Croatian singer (1947–2018)

Oliver Dragojević (/sh/; 7 December 1947 – 29 July 2018) was a Croatian singer and composer, who was considered one of the most enduring musical stars and cultural icons in Croatia with a discography that spanned nearly five decades. His style blended traditional klapa melodies of Dalmatia, a coastal region in his native Croatia, with jazz motifs wrapped up in a modern production.

For his influential musical career, he reached critical and commercial acclaim in Croatia and neighbouring countries, and numerous accolades, including numerous Porin and Indexi awards. He is one of the few Croatian musicians who performed at major international venues such as Carnegie Hall, Royal Albert Hall, L'Olympia, and Sydney Opera House.

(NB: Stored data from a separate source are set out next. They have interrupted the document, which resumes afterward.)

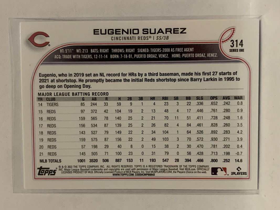 #314 Eugenio Suarez Cincinnati Reds 2022 Topps Series One Baseball Card MLB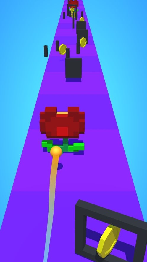 1、每个关卡中都会出现一些新的通道,完成收集金币的过程中,你还要去躲避黑色物体,并撞击一些可以获得加分的道具;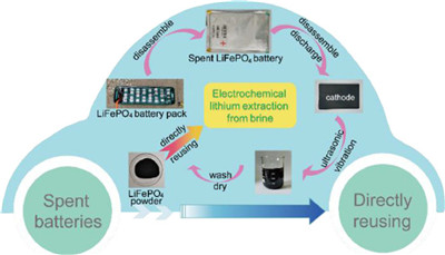 Recovery of spent LiFePO4 powder: At first, the spent LiFePO4 battery pack is pretreated and disassembled, and then the LiFePO4 cathode obtained from the spent LiFePO4 battery after discharge and disassembly. Finally, after ultrasonic vibration, washing, filtration and drying, the spent LiFePO4 powder can be obtained for lithium extraction from simulated brine.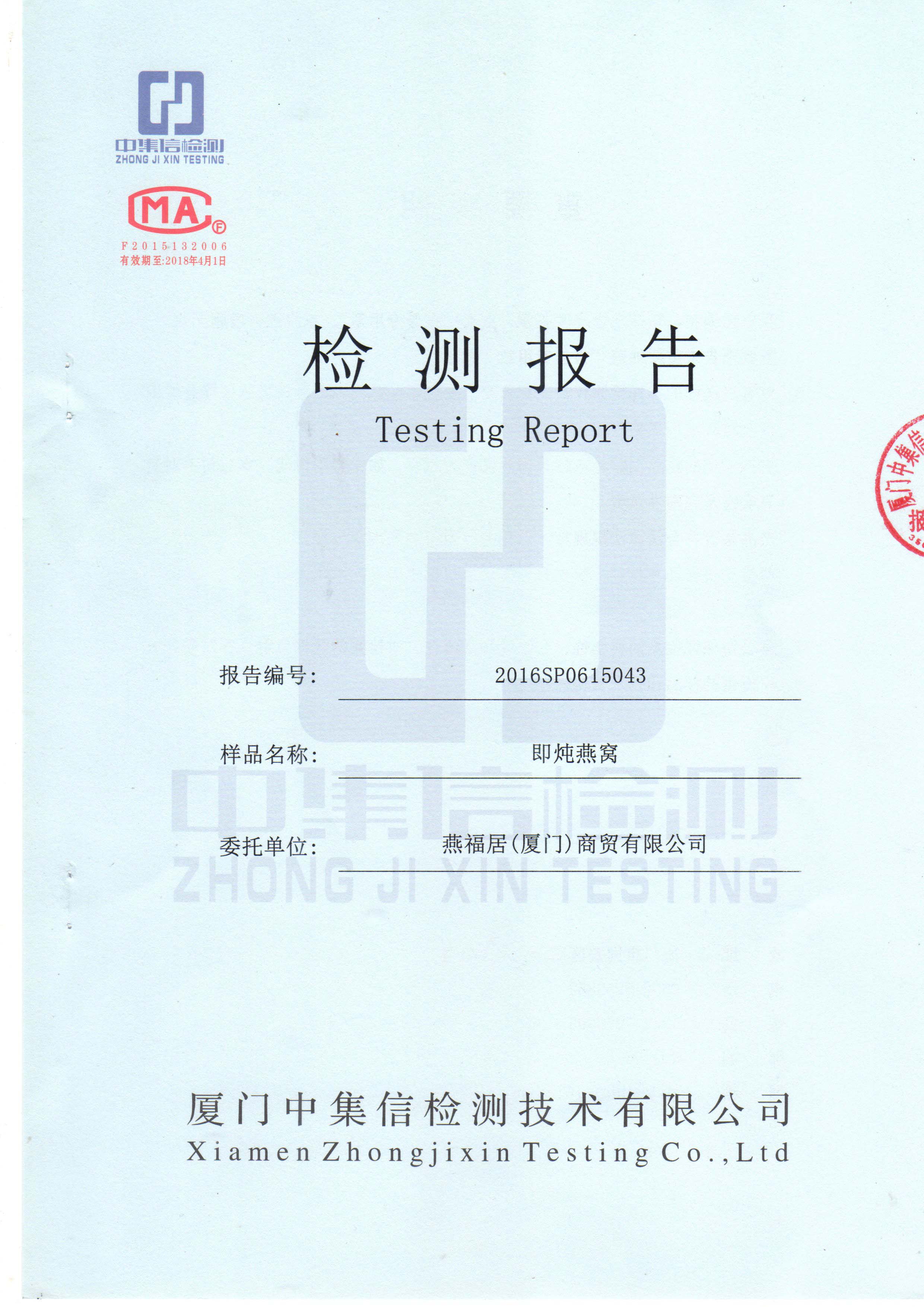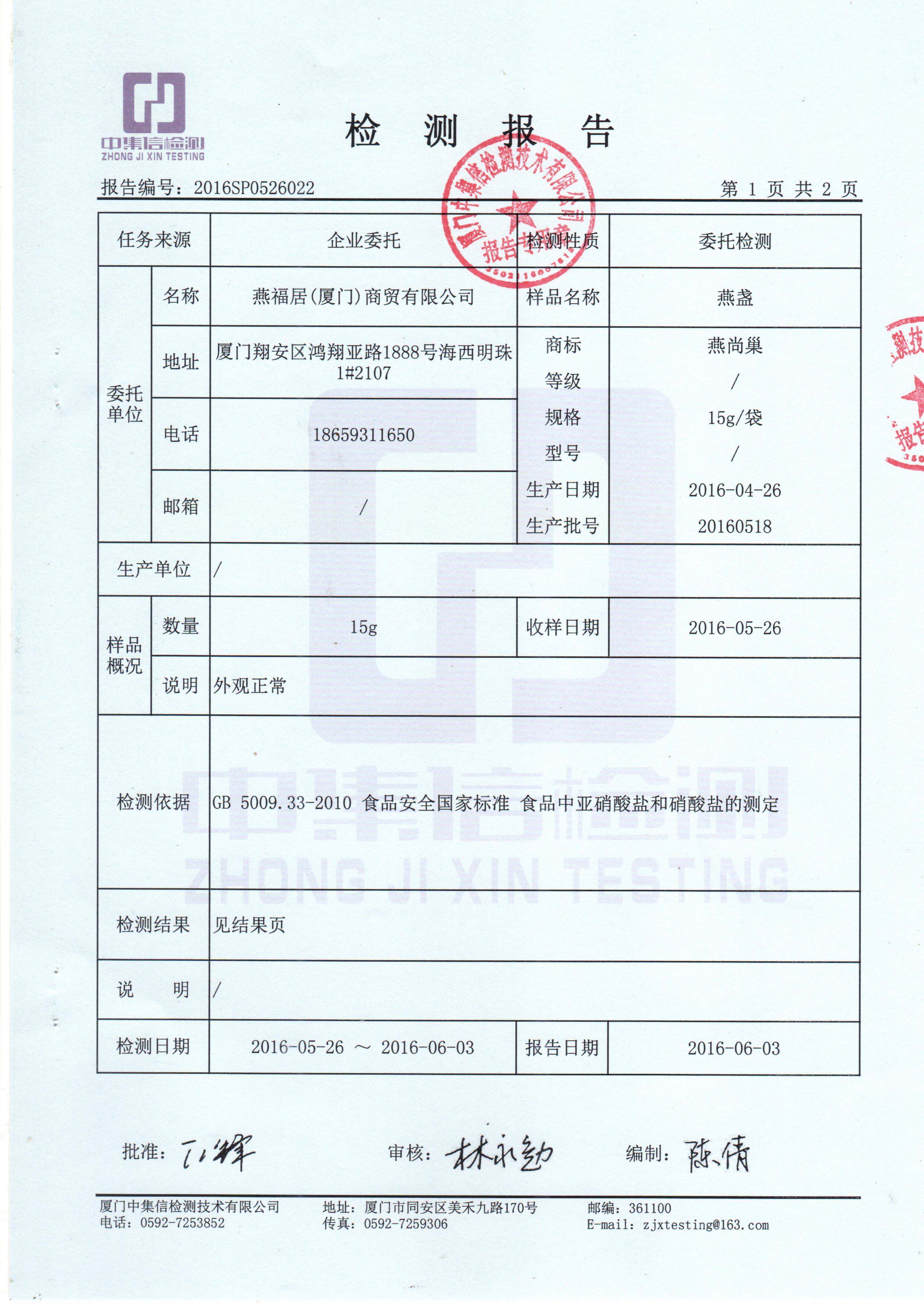 即燉燕窩檢測報告

Due to his popularity in Croatian music and his impact on Dalmatian music, he is often regarded as the "greatest musician in Croatian history", and his music videos on YouTube have accumulated more than 700 million views. In 1995, he was awarded the Order of Danica Hrvatska for his services to culture.

== Early life ==
Oliver's mother Kata (1907–1994) and father Marko Dragojević (1908–1991) had three daughters, all of whom died young during World War II. His family escaped to a refugee camp in El Shatt, Egypt, together with many other women and children from Dalmatia.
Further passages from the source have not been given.